» TO DO: Range to repeat from the listing below: the line containing "It's all on" down to the line containing "Neon Orange Laser", both included. Copy it exactly, pictures excluded, and add nothing else.
━━━━━ GIVEN DATA
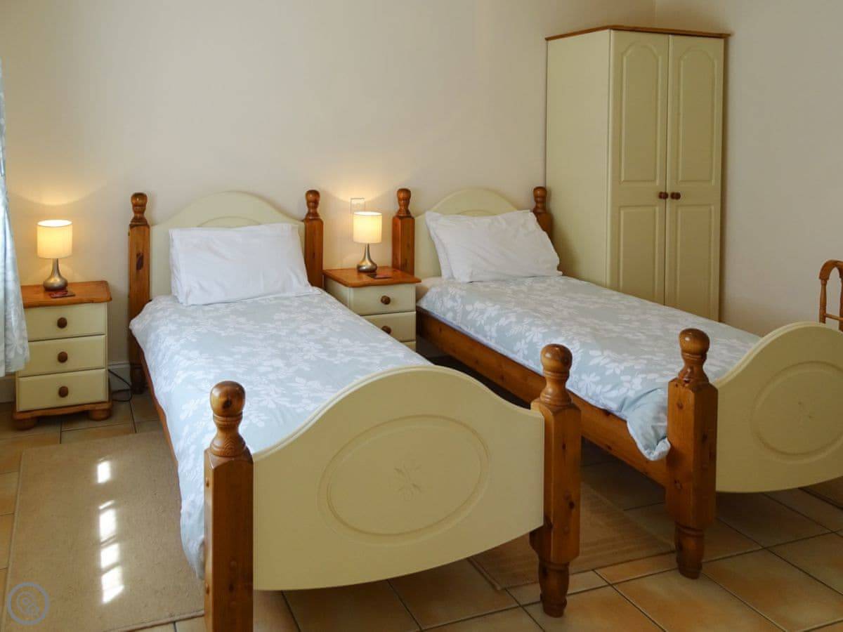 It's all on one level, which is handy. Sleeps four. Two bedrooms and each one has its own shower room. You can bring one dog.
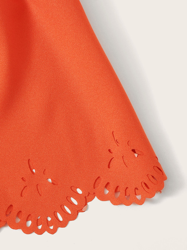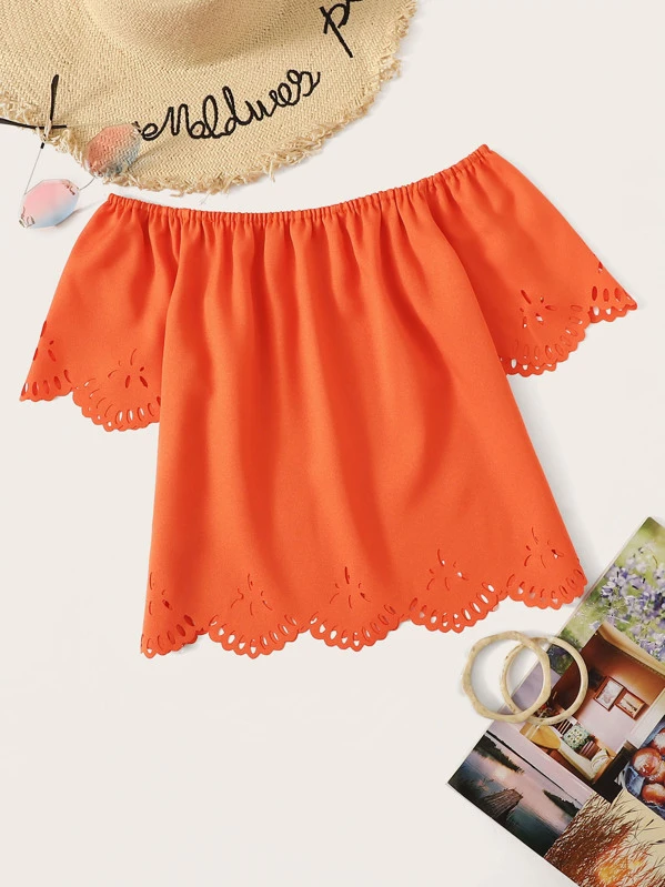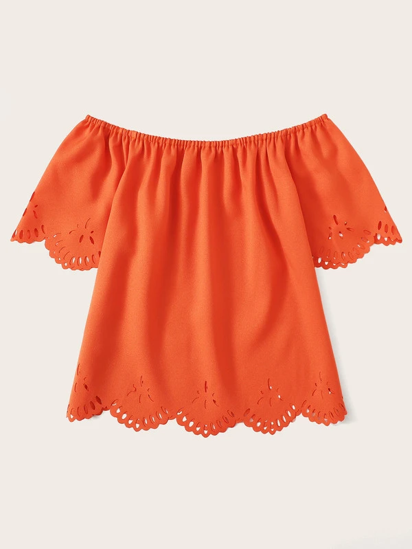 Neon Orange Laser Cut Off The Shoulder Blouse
━━━━━━━━━━
━━━━━ GIVEN DATA
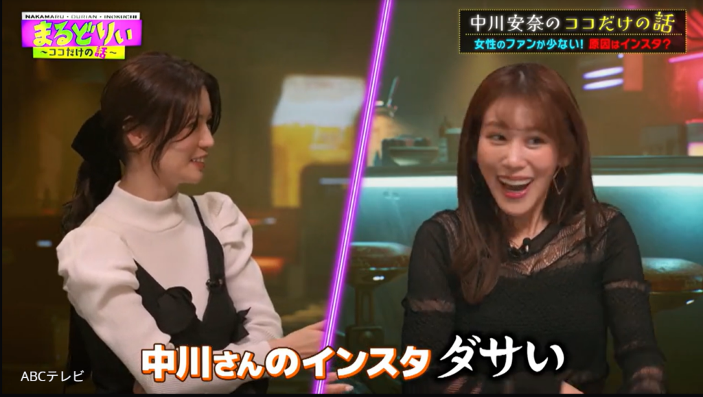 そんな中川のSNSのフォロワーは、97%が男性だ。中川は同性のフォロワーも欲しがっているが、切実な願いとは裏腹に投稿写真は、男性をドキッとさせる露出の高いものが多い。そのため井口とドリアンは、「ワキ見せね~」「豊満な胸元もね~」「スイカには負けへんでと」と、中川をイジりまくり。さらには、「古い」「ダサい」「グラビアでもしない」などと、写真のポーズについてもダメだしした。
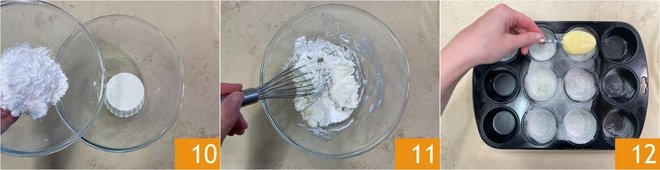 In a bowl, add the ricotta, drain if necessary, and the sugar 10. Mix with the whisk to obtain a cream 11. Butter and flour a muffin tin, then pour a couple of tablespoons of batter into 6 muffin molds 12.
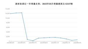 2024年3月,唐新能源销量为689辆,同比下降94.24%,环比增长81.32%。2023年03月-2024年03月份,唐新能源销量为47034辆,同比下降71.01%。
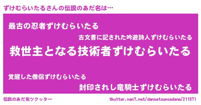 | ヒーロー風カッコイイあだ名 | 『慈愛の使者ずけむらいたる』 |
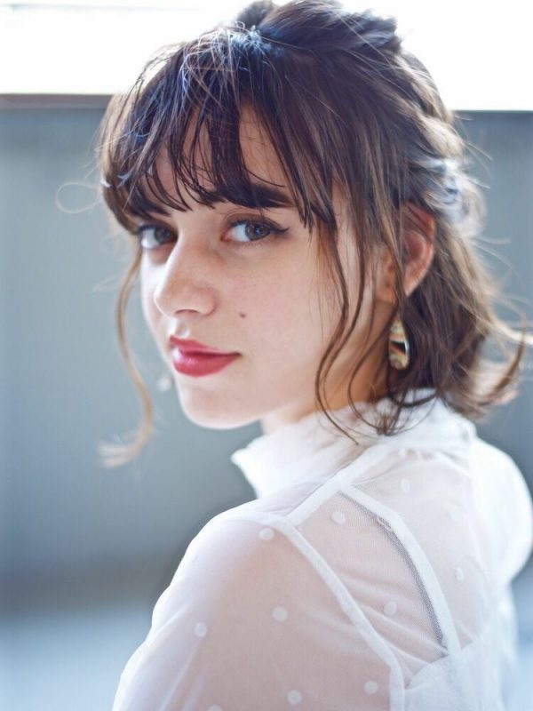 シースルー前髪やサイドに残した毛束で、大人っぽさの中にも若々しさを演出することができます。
━━━━━━━━━━
» RESPONSE TO THIS TASK:
 It's all on one level, which is handy. Sleeps four. Two bedrooms and each one has its own shower room. You can bring one dog.
 Neon Orange Laser Cut Off The Shoulder Blouse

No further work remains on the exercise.